The Pirates! In an Adventure with Scientists is the first in a series of four books by Gideon Defoe, which I read having seen the Aardman adaptation released earlier this year.  I was very glad that I did go on to read the book which inspired the film, because otherwise I would have had no idea about how different the storyline of the film was, compare to the original text.  I did enjoy the film but had a few problems with the plot – evil Queen Victoria? – whereas in Defoe’s book, the arch enemy of Darwin and the Pirate Captain is an evil Bishop, which fits much better with the early Victorian Gothic genre.

Defoe’s prose style is so dry as to be positively absorbent, heavy with irony and deliberate anachronism.  I also loved the frequent footnotes.  These techniques made me feel I was privy to a host a secret in-jokes, which won me over very quickly.

The characterisation is sparse; the pirates are not given ‘real’ names, but are instead referred to according to their most striking characteristics, which is on one hand distancing but on the other means you immediately know something about them.  Also, the book as a whole is deliberately not realistic, so this isn’t a problem.  I wondered if the lack of names was also aligning us with the Pirate Captain, who almost certainly wouldn’t trouble himself to learn the pirates actual names!

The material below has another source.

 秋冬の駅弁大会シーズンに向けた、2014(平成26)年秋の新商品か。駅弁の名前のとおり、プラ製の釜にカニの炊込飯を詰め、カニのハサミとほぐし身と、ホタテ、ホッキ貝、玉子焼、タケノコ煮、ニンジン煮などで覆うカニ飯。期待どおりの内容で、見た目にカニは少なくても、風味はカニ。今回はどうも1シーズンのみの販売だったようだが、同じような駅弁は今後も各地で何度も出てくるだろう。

I don’t want to say too much more about Pirates, as it’s such a short little morsel that I don’t want to spoil it for you, but I highly recommend it for a quick read full of snorts and sniggers, and maybe even a piratical roar of laughter!

Kate Neilan

Tim Clare – How to be a Leader

Do you ever wish you could command a crowd of strangers? Feel like you’re not being recognised for the intellectual or political genius you are? Perhaps you’re a secret super-villain? In which case, could I recommend to you an excellent hour spent in the company of poet and story-teller Tim Clare?

Tim visited Colchester Arts Centre touring his show How to be a Leader, which starts in almost total darkness as he tells us about an experiment carried out to see how strangers would behave without light in a room together for 60 minutes – by 45 minutes, most were engaging in ‘intimate activity’… Now, the lights did come back on but Tim’s delivery, a mixture of earnest enthusiasm, humour and irony, set the tone for the show. 

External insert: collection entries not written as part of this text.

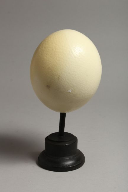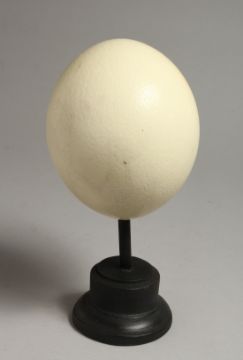 AN OSTRICH EGG, mounted on a circular base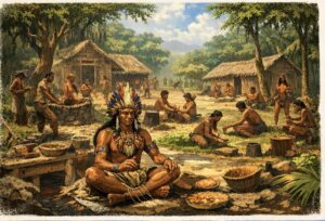 Major indigenous groups such as the Tupi, Guarani, Ge, and Arawak lived across vast territories. They cultivated crops like manioc (cassava), maize, sweet potatoes, and peanuts. Indigenous societies had complex social structures, spiritual beliefs connected to nature, and rich oral traditions. Contrary to early European misconceptions, these societies were well adapted to their environments and maintained extensive networks of communication and exchange.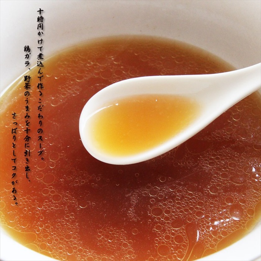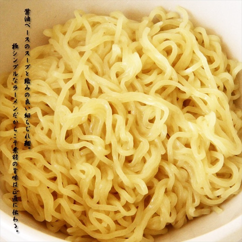 | 材質 | 麺(小麦粉(国内製造)、還元水飴、食塩/酒精、かんすい、クチナシ色素、加工澱粉、(一部に小麦を含む)) スープ(畜肉エキス、豚脂、食塩、魚介エキス、しょうゆ、たん白加水分解物、野菜エキス、香辛料、かつおぶし粉末、砂糖、いわし煮干し粉末、昆布エキス/調味料(アミノ酸等)、酒精、加工でんぷん、カラメル色素、(一部に小麦・大豆・豚肉・鶏肉・さばを含む) ) |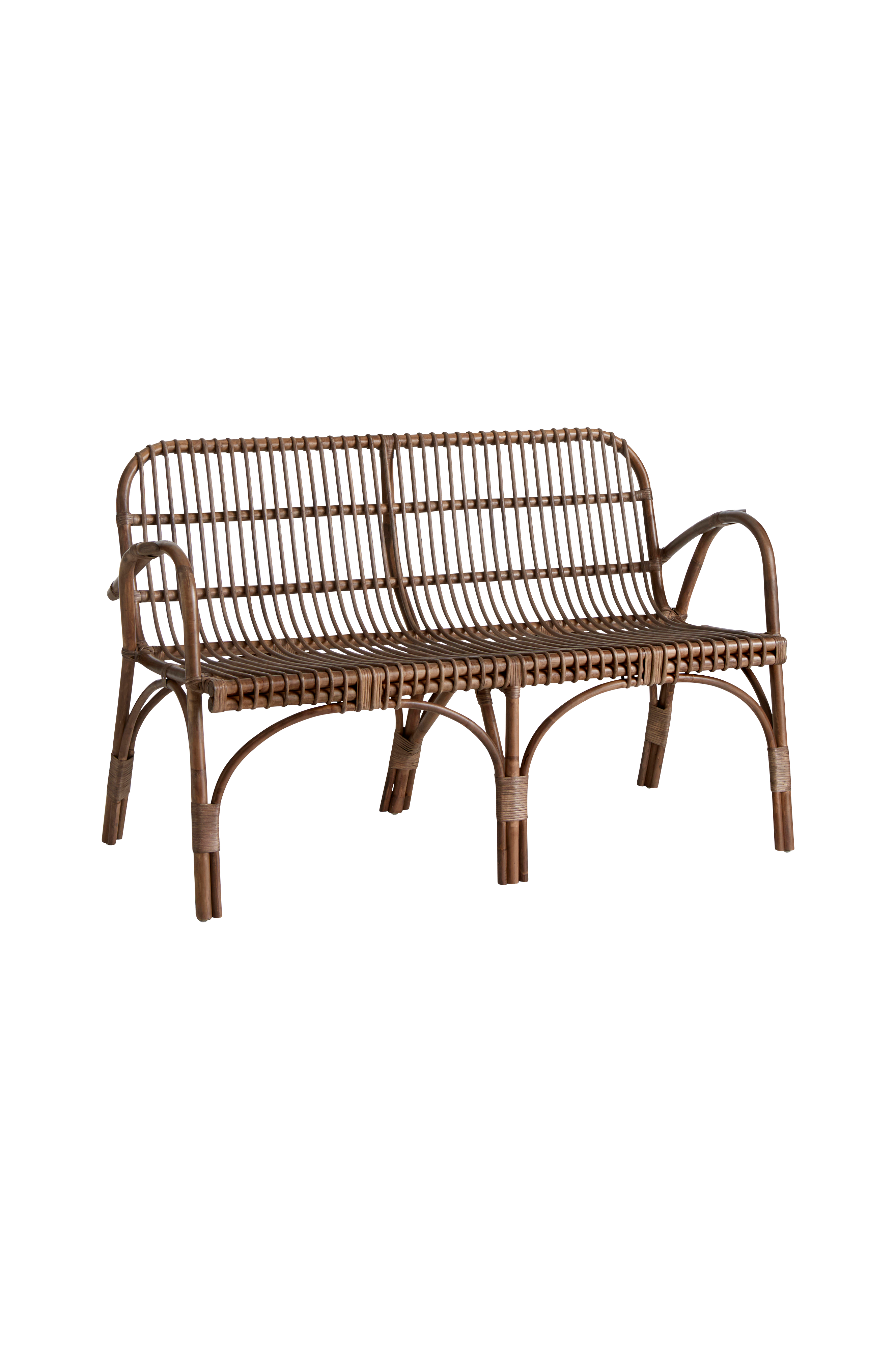 Sofa av rotting. Bredde 136, høyde 86, dybde 68 cm. Sittehøyde 47 cm, sittedybde 45 cm. Leveres montert. Vekt 11,5 kg.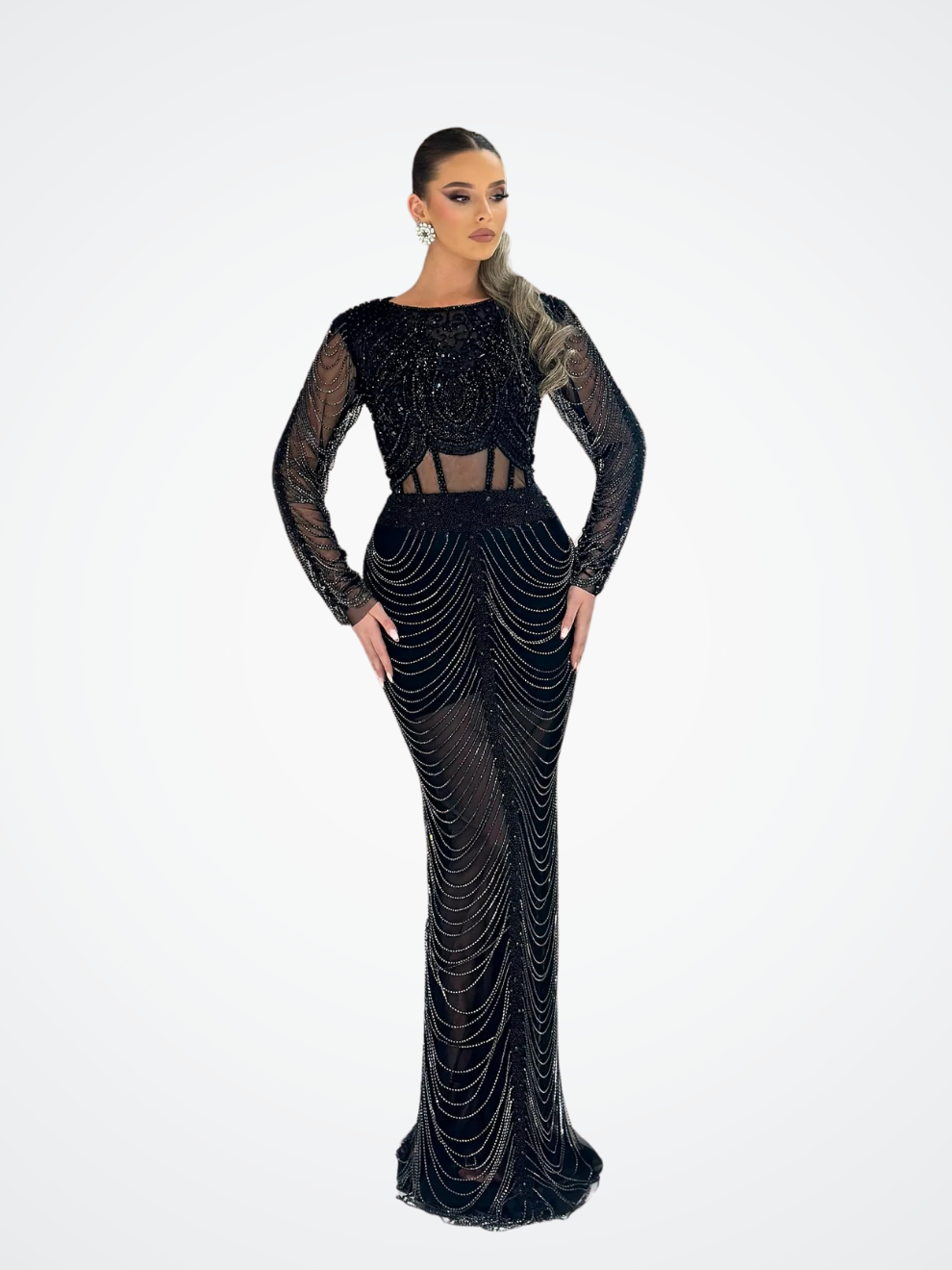 From the Gentiana Berisha Black Edition Collection, this exquisite wedding gown is meticulously crafted in our Kosovo atelier by skilled artisans. This piece features carefully selected premium fabrics and detailed handwork to create a truly unique bridal experience. This exclusive design embodies the elegant aesthetic that defines the Gentiana Berisha Black Edition collection.

The select gathering in the room, sitting relaxed around small tables, laughed more and more uproariously as Tim guided us through his rules for becoming a great leader, based on such diverse ideas as the hardcore attitude of a South Korean premier, an “awesome origin story” TM involving a violent encounter at a Bristol open mic poetry night and how to create the basics of a welfare state using only snacks.  

Tim was confident without arrogance, effortlessly drawing us in as he told anecdotes full of drama and analysed leadership techniques particularly quirky and extreme. His command of language and rhetoric was clear, especially when discussing rule 3 (the open mic night) and then when emailing the “spell lady”, from whom he hoped to gain magical powers to enthrall man-(and woman)kind. This was, I think, my favourite part of the show, as Tim’s evil intentions were gradually revealed, to little or no reaction from the spell lady in question. 

After a finale in which Tim fulfilled an ambition by rapping about various female leaders, having acknowledged the gender bias of the rest of the show, came the prize-giving: a Kinder Egg for the most sycophantic audience member.  My heart leapt as Tim stepped into the audience, brandishing the chocolatey treat, but to my great disappointment, it went to the man at the next table.  To be fair, he did laugh extremely loudly.  I’ll have to content myself with being a member of the dissatisfied middle class after all.